Шрифт:
Интервал:
Закладка:
— Это тебе мама-Женя, Катя для тебя специально самый лучший на базаре выбрала. А это для Виктории — пояс кавказский. Такие невестам дарят! И торжественно, как суворовец на балу, подошел к Виктории…
Рано утром они все вчетвером поехали на Архангельский конезавод. В электричке их принимали за семью и уступали место беременной Евгении. Они вышли в тамбур — Алексею хотелось курить, а Жене — постоять рядом, да и поясницу сильно ломило.
— Ты изменился. Куришь вот. И седина появилась.
— Еще бы — «трудная цирковая жизнь», — улыбнулся Алексей. А еще голова иногда страшно болит дня по два — по три, это последствия той травмы, колено левое шалит — привычный вывих — да что там говорить, пенсионер!
— Зато уважаемый мэтр! Представляю как тебя ученики любят и актеры уважают, — добавила Женя, зная о новом поприще мужа, как тренера и как постановщика.
— А знаешь, не так уж плохо вышло. Ученики замечательные есть да и с Максимом мне крупно повезло. Как специально для манежа парнишка создан. Он меня сильно выручил тогда… В общем, когда одиноко было. Спасибо, что отдала… Да ты сама сейчас увидишь, его к лошадям как магнитом тянет. Вот ведь мистика — моя заговорила наследственность!..
На конезаводе Алексея встречали с распростертыми объятиями — он у них и консультант, и эксперт на аукционах и покупатель.
Гостям показали конюшни с именитыми производителями и баснословно дорогим элитным молодняком, а потом отвели к манежу, где объезжали лошадей специальные жокеи. Евгения пропускала мимо ушей комментарии сопровождавшего инструктора-коневода, расписывающего со знанием дела достоинства своих питомцев и вдруг увидела как рванулась вперед Виктория, выпустив ее руку. Завидя Алексея, ведущего под уздцы вороную крепкую кобылку с маленьким седоком на спине, девочка, сохранявшая до того момента взрослое молчаливое достоинство, кинулась навстречу, голося во всю мочь:
— Папа, папочка!.. Виктория в эти дни никак не могла определиться с обращением к Алексею и от этого даже немного сторонилась его. Ведь был уже папа-Леня — совершенно нормальный, добрый… Она, конечно, помнила Алексея и поначалу сильно скучала, даже плакала тайком в подушку, а потом все куда-то исчезло, скрылось под слоем новых впечатлений, чтобы вырваться бурным фейерверком именно теперь.
— Папа, папочка! — лошади, цирк, опилки и прожектора, победа и страх… Какой-то крохотный и очень затейливый ключик щелкнул в потайной дверце ее души, выпустив на свет целый мир, скрестивший детство и волшебство. Запах… Наверно, этот особый запах и лошадиные губы, берущие с ладони кусочки хлеба.
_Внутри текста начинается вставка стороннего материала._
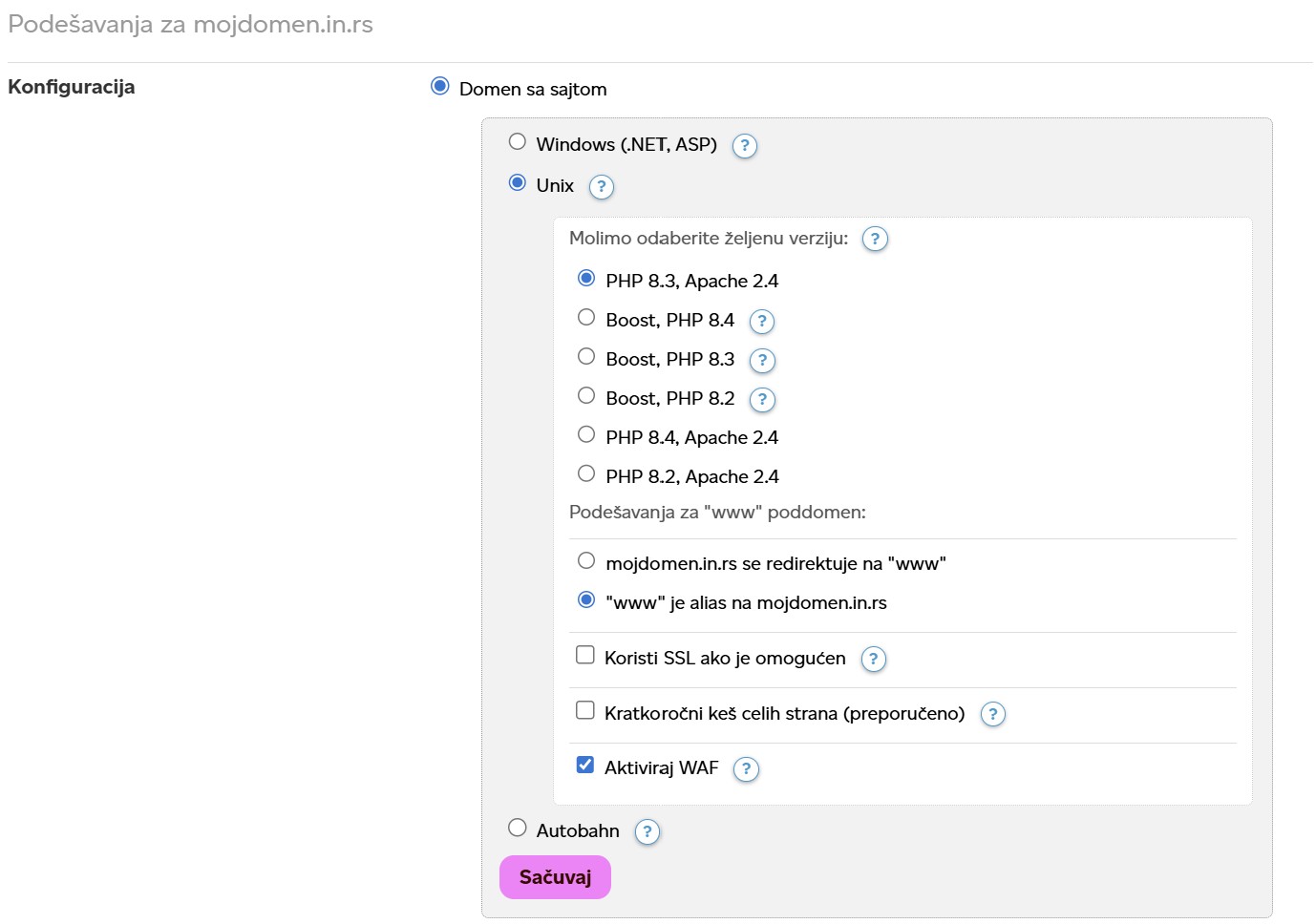 • registrovani domen sa Unix konfiguracijom u našoj korisničkoj zoni

— Я тоже, я тоже хочу! — кричала Виктория бегом пересекая манеж. И вот Евгения увидела, как сидит на лошади ее девочка, вцепившись в гриву, а Леша идет рядом, страхуя каждое ее движение. Напряжение Вики быстро прошло, вернулся прежний, притаившийся где-то в спинном мозге опыт, и она попросила:
— Отпусти, пожалуйста, я сама!
— Не бойся, Женя, это совсем смирная старая кобыла. Учебное пособие, Ветеран труда, — шепнул на ходу Алексей. Какой уж там ветеран: Звездочка пошла рысью, унося забывшую обо всем на свете, счастливую Викторию. Девочка не хотела спускаться на землю, а просилась постоять в седле, но Леша объяснил, что циркового седла здесь нет, а без него ей теперь нельзя — уже большая. Зато Максим показал целую программу — выездку, прыжки и сальто на траве и даже стойку на руках в седле.
Евгения обмирала от страха и гордости. Дети, резвившиеся на лужайке, казались ей прекрасными, смелыми, необыкновенными. А то, что проделывал Алексей с Максимом, было просто невероятным, аж сердце зашлось.
— Прошу тебя, Леша, хватит, — взмолилась она. — А то я рожу прямо здесь преждевременно. Страх-то какой! И они засмеялись оба, простив в это мгновение друг другу все. Алексей обнял за плечи Женю.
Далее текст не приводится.